Comparing Exertional Heat Illness Risk Factors Between Patients and Controls

Exertional Heat Illness Clinical Trial

Official title:

Comparison of Novel Putative Risk Factors for Exertional Heat Illness Between a Military Patient Cohort and Matched Control Cohort During Exercise Heat Stress

Clinical Trial Details — Status: Completed

Administrative data

• NCT number: NCT05303142
• Other study ID #: 209321
• Status: Completed
• Start date: February 1, 2022
• Est. completion date: March 6, 2023

Study information

• Verified date: May 2023
• Source: University of Portsmouth
• Contact: n/a
• Is FDA regulated: No
• Study type: Observational

Clinical Trial Summary

The arduous nature of military training and operations require personnel to encounter high heat load, e.g., during intense physical exertion, particularly in the heat. These conditions reduce operational effectiveness and expose personnel to a risk of incapacitation and death from exertional heat illness (EHI). The primary aim of this study is to compare putative 'chronic' EHI risk factors between a cohort who have suffered a history of EHI and a control cohort with no EHI history. The secondary aim is to examine the influence of these EHI risk factors on thermoregulation during a standard heat tolerance assessment.

Description:

Military training and operations present a risk of incapacitation and death from Exertional Heat Illness (EHI). However, widely accepted EHI risk factors are absent in almost half of all United Kingdom (UK) military EHI cases, indicating that a significant number of EHI cases in military personnel involve alternative risk factors. Risk factors for EHI can been classified along a spectrum ranging from acute (e.g. recent poor sleep) to chronic (e.g. low fitness), with the role of chronic risk factors supported by the observation that individuals who have suffered an EHI are at a substantially increased risk of subsequent EHI. The primary aim of this study is to compare putative 'chronic' EHI risk factors (e.g. composition of gastrointestinal (GI) microbiome, infection and inflammation, trait-like psychological factors) between a cohort who have suffered a history of EHI and a control cohort with no EHI history. The secondary aim is to examine the influence of these EHI risk factors on thermoregulation during a standard heat tolerance assessment.

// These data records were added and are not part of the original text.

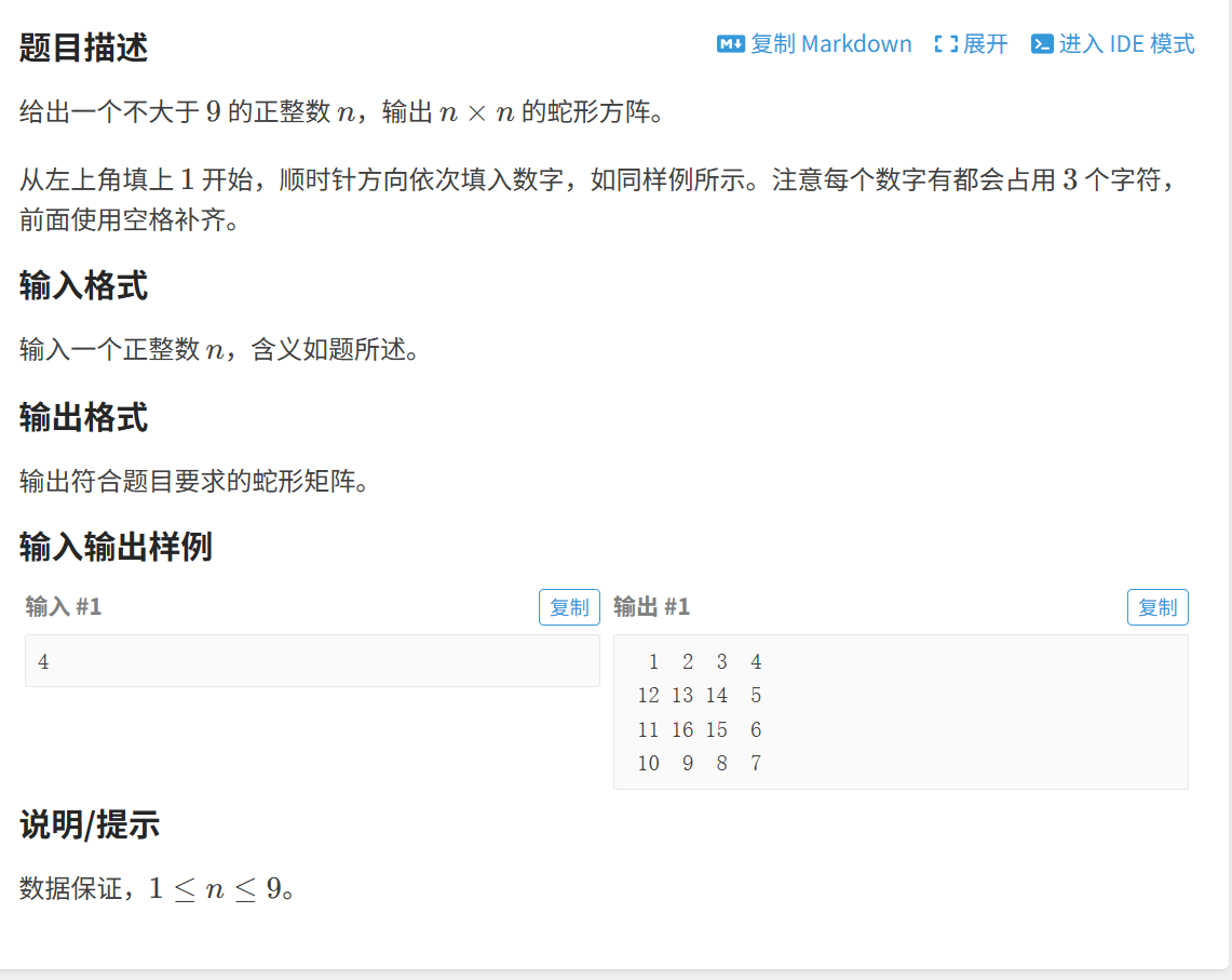 n :是输入的正整数,表示要生成的蛇形矩阵的边长( n×n 矩阵)。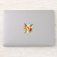 Laptop sticker with a surfboard and tropical leaves and flowers with text, "Surf's up."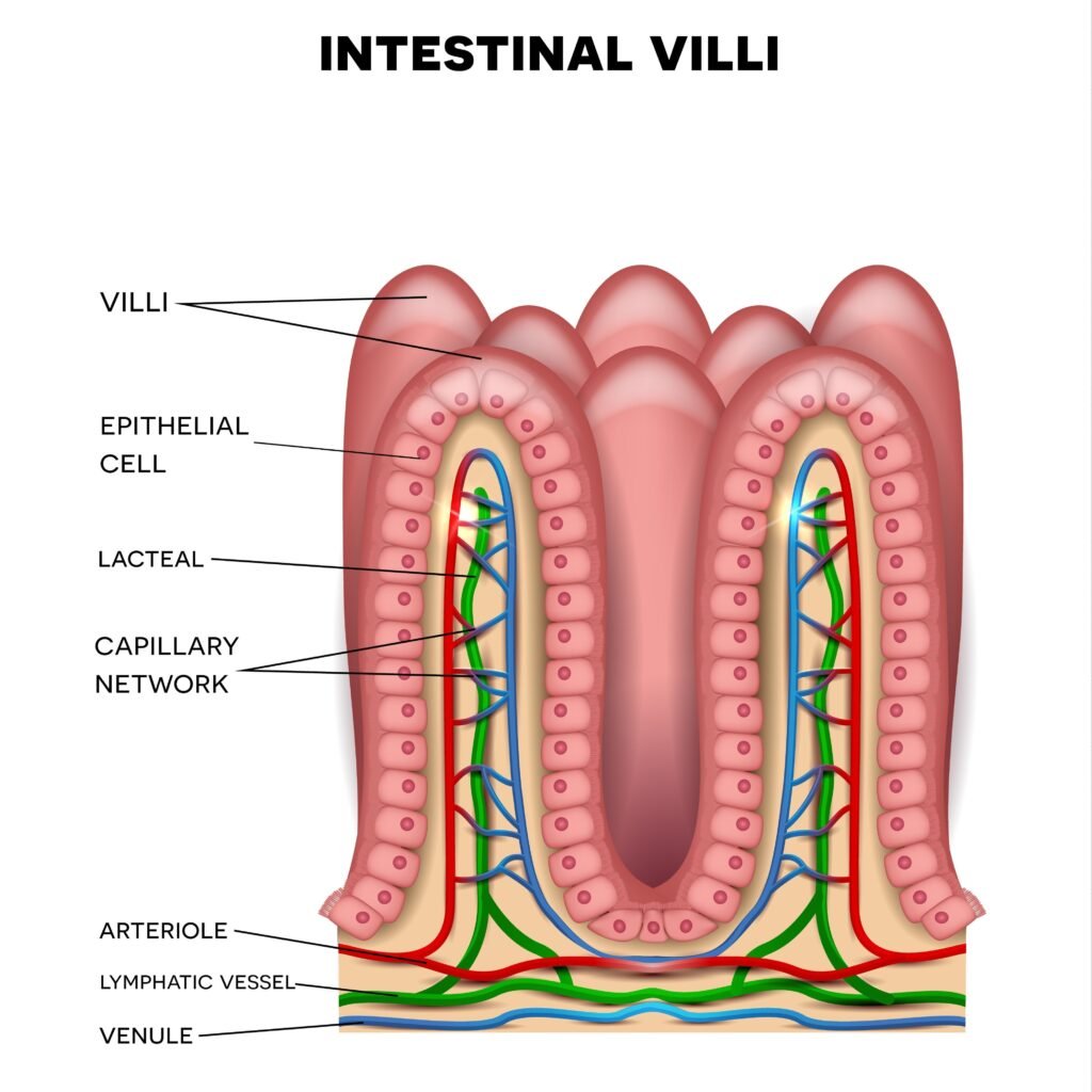 • Fat-soluble vitamins (A, D, E, K) are absorbed along with digested dietary fats. They are incorporated into micelles (small fat droplets) and transported across the intestinal lining into the lymphatic system.

Recruitment information / eligibility

• Status: Completed
• Enrollment: 95
• Est. completion date: March 6, 2023
• Est. primary completion date: March 6, 2023
• Accepts healthy volunteers: Accepts Healthy Volunteers
• Gender: All
• Age group: 18 Years to 40 Years

Eligibility

Inclusion Criteria:

Individuals with a history of EHI:

• Previous EHI episode

• Normal resting ECG

• Male or female

• 18 - 40 years

Control participants:

• No previous history of EHI

• Normal resting ECG

• Male or female

• 18 - 40 years

Related Conditions & MeSH terms

• Exertional Heat Illness
• Heat Stress Disorders

Intervention

Other:
• Heat Tolerance Assessment
60-90 minutes exercise in hot (34 °C; 45% R.H.) conditions at 60%VO2max

Locations

Country	Name	City	State
United Kingdom	University of Portsmouth	Portsmouth	Hampshire

Sponsors (5)

Lead Sponsor	Collaborator
University of Portsmouth	Headquarters Army Recruiting and Initial Training Command (UK), Institute of Naval Medicine (UK), Liverpool John Moores University, Public Health Wales (UK)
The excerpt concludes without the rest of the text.